Powerlifting is becoming a popular sport now-a-days. The idea behind powerlifting is not focused on gaining muscle but rather building strength to lift as much weight as possible. The three powerlifting events are bench press, squat and deadlift. This analysis will look at the effect that squatting weight and bench press weight have on a person’s deadlifting weight. Powerlifters want to have a high overall lifting weight throughout all the lifting categories. So determining if a person’s deadlifting weight is affected by their bench press and swuatting weight will be interesting to look into.
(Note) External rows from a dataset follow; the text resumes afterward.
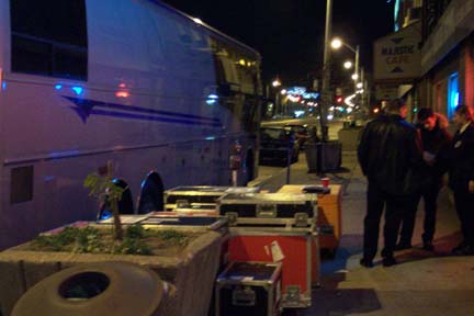 We picked up some lighting equipment at our show in Detroit, only problem was, our bus driver hadn’t gotten the trailer when he was supposed to, so…. Our gear sat on the street with nowhere to put it until a trailer showed up, which was on it’s way, but didn’t arrive till 4 AM. So we sat and waited, well, that is our Tour Manager and Lighting Tech waited as our Roadie and I got some shut eye. Next morning our bus driver asks for a trailer repack to distribute the weight a little better. I guess we couldn’t expect the guys to do a great job at 4 in the morning 😉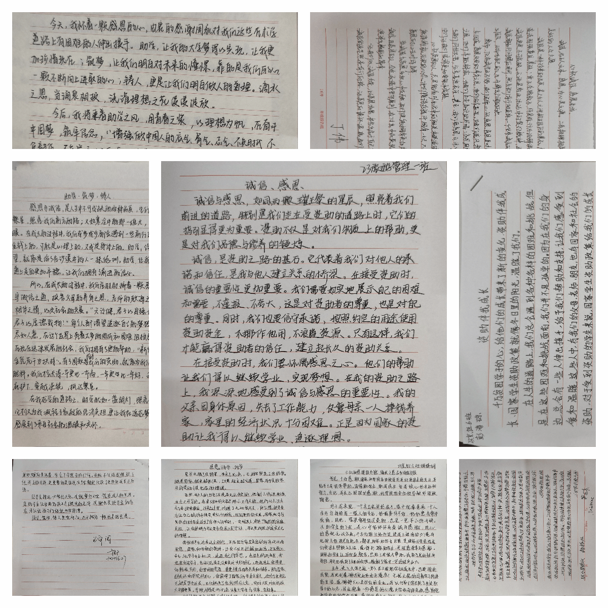 学院通过推出“青春作伴,诚信为本”主题征文征集活动,学生通过征文作品抒发对“诚信”的深刻理解,活动开展以来收到二百篇征文作品,学生在文中深情的表达了对学院资助工作的感谢,表达了励志技能报国的信念,此次活动在全院学生引发良好的反响。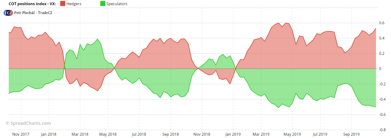Pravdou ovšem zůstává, že se velcí spekulanti i hedgers nacházejí na VIXu, indikátoru strachu a nervozity, na svých dlouhodobějších maximech.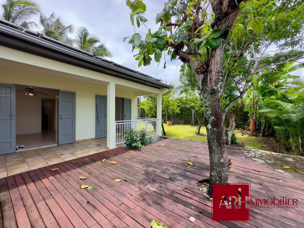 Cette maison de plain-pied comprend un séjour de 22 m², une vaste cuisine aménagée de 16 m², un dégagement, trois chambres dont deux climatisées qui ouvrent sur la varangue, une salle de bains, un WC indépendant.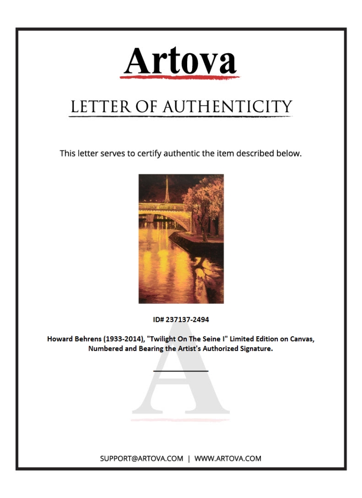 "Twilight On The Seine I" is a limited edition giclee on canvas by Howard Behrens (1933-2014), numbered and bearing the authorized signature of the artist. This piece is from Behrens' Legacy Edition. Includes Certificate of Authenticity. Measures approx. 18" x 27" (image).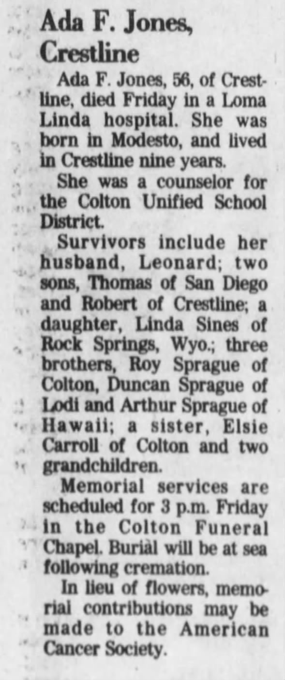 A Celebration of Life will be held at Bear Creek Community Church on October 5, 2015 at 1:00pm. In lieu of flowers, donations can be made to the Alzheimer's Society.

This data was taken from kaggle.com which was collected from 3,000 meets with over 300,000 lifts or people. The data was cleaned to only select the variable for the best squat, the best bench press and the best deadlifting weights. The data set was too large to run the imputations on so a sample size of 200,000 units was selected.
library(Amelia)
library(Zelig)
library(ZeligChoice)
library(texreg)
library(readr)
library(dplyr)
power <- read_csv("/Users/paulkim/Downloads/openpowerlifting.csv")
power2 <- power%>%
select(-Squat4Kg, -Bench4Kg, -Deadlift4Kg)%>%
mutate(Sex = as.factor(Sex),
Equipment = as.factor(Equipment),
Division = as.factor(Division),
WeightClassKg = as.factor(WeightClassKg),
Place = as.factor(Place),
Name = as.factor(Name))
power3 <- sample_n(power2, size = 200000, replace = FALSE)
power4 <- na.omit(power2)
head(power)
The variable power3 is the subset of the entire sample that is made up of 200,000 random lifts in order for the imputations to run smoother. The variable power4 is the listwise deletion variable with no missing values in the dataset.
z.out1 <- zelig(BestDeadliftKg ~ BestSquatKg + BestBenchKg, model="ls", data=power4, cite = FALSE)
summary(z.out1)
## Model:
##
## Call:
## z5$zelig(formula = BestDeadliftKg ~ BestSquatKg + BestBenchKg,
## data = power4)
##
## Residuals:
## Min 1Q Median 3Q Max
## -330.27 -14.28 -0.18 15.17 263.56
##
## Coefficients:
## Estimate Std. Error t value Pr(>|t|)
## (Intercept) 58.691973 0.283386 207.11 <2e-16
## BestSquatKg 0.546946 0.003369 162.37 <2e-16
## BestBenchKg 0.389667 0.004587 84.96 <2e-16
##
## Residual standard error: 25.41 on 63566 degrees of freedom
## Multiple R-squared: 0.8319, Adjusted R-squared: 0.8319
## F-statistic: 1.573e+05 on 2 and 63566 DF, p-value: < 2.2e-16
##
## Statistical Warning: The GIM test suggests this model is misspecified
## (based on comparisons between classical and robust SE's; see http://j.mp/GIMtest).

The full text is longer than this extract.